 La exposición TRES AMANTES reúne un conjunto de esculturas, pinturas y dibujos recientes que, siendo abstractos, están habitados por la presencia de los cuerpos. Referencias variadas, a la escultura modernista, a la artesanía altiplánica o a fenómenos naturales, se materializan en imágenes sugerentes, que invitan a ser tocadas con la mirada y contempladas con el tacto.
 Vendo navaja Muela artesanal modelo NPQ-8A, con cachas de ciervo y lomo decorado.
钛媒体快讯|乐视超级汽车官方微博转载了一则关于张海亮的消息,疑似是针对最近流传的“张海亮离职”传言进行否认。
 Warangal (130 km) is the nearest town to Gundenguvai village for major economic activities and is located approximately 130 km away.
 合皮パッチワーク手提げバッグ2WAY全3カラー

==

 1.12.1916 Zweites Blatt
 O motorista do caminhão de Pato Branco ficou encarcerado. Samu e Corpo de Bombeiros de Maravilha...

==

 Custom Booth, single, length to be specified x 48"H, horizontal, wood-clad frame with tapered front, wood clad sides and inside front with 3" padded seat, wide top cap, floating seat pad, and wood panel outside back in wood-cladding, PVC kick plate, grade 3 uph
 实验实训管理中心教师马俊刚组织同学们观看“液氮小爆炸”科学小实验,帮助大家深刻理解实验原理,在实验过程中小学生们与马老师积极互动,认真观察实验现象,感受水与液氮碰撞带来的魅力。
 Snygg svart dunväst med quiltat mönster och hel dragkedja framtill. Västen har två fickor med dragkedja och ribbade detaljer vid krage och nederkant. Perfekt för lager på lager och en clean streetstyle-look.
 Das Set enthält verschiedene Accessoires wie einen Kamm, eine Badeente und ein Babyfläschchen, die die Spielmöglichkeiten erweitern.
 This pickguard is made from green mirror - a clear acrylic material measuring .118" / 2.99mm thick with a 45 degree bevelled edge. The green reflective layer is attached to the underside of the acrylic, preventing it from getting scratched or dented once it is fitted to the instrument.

TASK GOAL. Reproduce only the lines above, starting at the line with "1.12.1916 Zweites Blatt" and ending at the line with "O motorista do", exactly as written.

RESPONSE TO THIS TASK.
 1.12.1916 Zweites Blatt
 O motorista do caminhão de Pato Branco ficou encarcerado. Samu e Corpo de Bombeiros de Maravilha...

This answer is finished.